** Opening SOURCE DATA block **

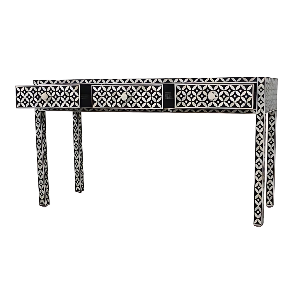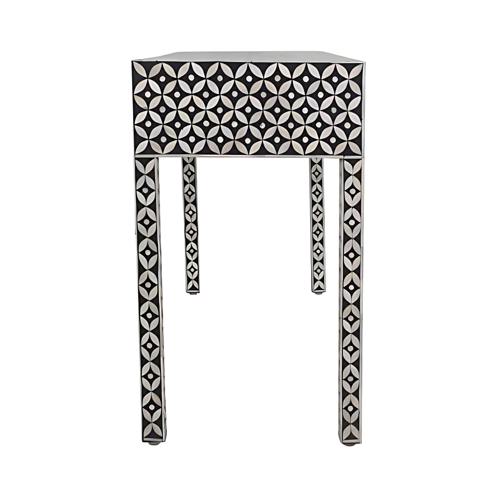 Define your entryway or anchor your living area with this bone-inlay console table in black geometric. Its elegance is guaranteed to radiate throughout the house and make a lasting impression.
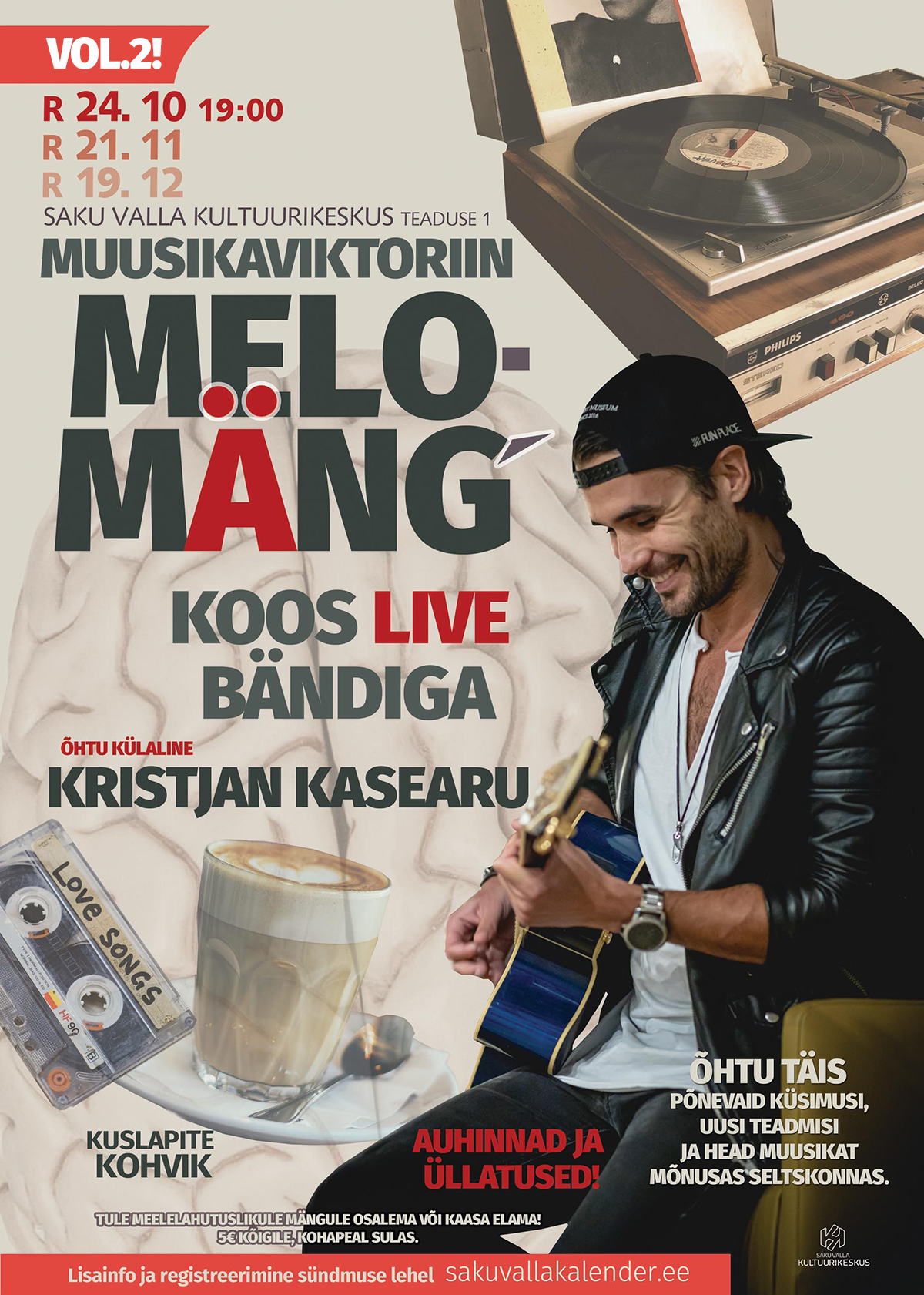 5€ osalejale ja publikule, kohapeal sulas.Meelelahutuslik muusikaviktoriin MELOMÄNG, koos live bändiga! VOL.2
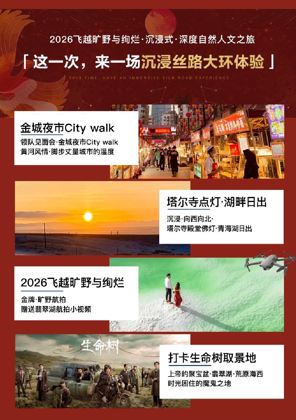 兰州|西宁均可|小城夜市+塔尔寺|点灯+青海湖畔|AAAAA1日出+茶卡盐湖|无人机航拍+翡翠湖|荒原明珠莫高窟|干年艺术长廊+鸣沙山|七色沙瓶+张掖七彩丹霞+河西走廊·自然·艺术·丝路深度自然人文之旅8日●Citywalk|明信片盖戳纪念打卡大环8大高光时刻|湖畔小烟火星河日出一览|·金牌摄影大赛
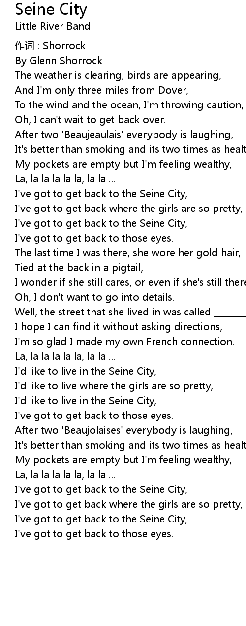 | I' ve got to get back to the Seine City, | |
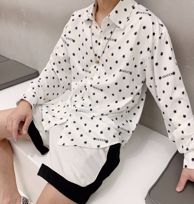 Gu Early Autumn New Letter Logo Long-Sleeve Shirt Ddd Custom Fabric Digital Printing Process Super Looks Great on, Sizes M, XL, XXL 4 DDD
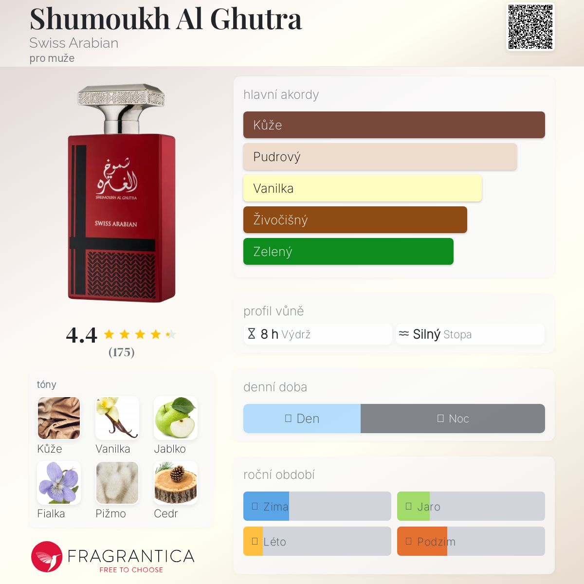 Shumoukh Al Ghutra podle Swiss Arabian je Leather vůně pro muže. Vrchní tóny jsou Jablko, Fialka a Galbanum; střední tóny jsouKůže a Cedr ; základní tóny jsou Vanilka a Pižmo.

** Closing SOURCE DATA block **

== WORK TO BE COMPLETED ==
Exact copies of the lines from the one containing "5€ osalejale ja" through the final line of the data are required; pictures are to be omitted.

== RESULT OF THIS TASK ==
 5€ osalejale ja publikule, kohapeal sulas.Meelelahutuslik muusikaviktoriin MELOMÄNG, koos live bändiga! VOL.2
 兰州|西宁均可|小城夜市+塔尔寺|点灯+青海湖畔|AAAAA1日出+茶卡盐湖|无人机航拍+翡翠湖|荒原明珠莫高窟|干年艺术长廊+鸣沙山|七色沙瓶+张掖七彩丹霞+河西走廊·自然·艺术·丝路深度自然人文之旅8日●Citywalk|明信片盖戳纪念打卡大环8大高光时刻|湖畔小烟火星河日出一览|·金牌摄影大赛
 | I' ve got to get back to the Seine City, | |
 Gu Early Autumn New Letter Logo Long-Sleeve Shirt Ddd Custom Fabric Digital Printing Process Super Looks Great on, Sizes M, XL, XXL 4 DDD
 Shumoukh Al Ghutra podle Swiss Arabian je Leather vůně pro muže. Vrchní tóny jsou Jablko, Fialka a Galbanum; střední tóny jsouKůže a Cedr ; základní tóny jsou Vanilka a Pižmo.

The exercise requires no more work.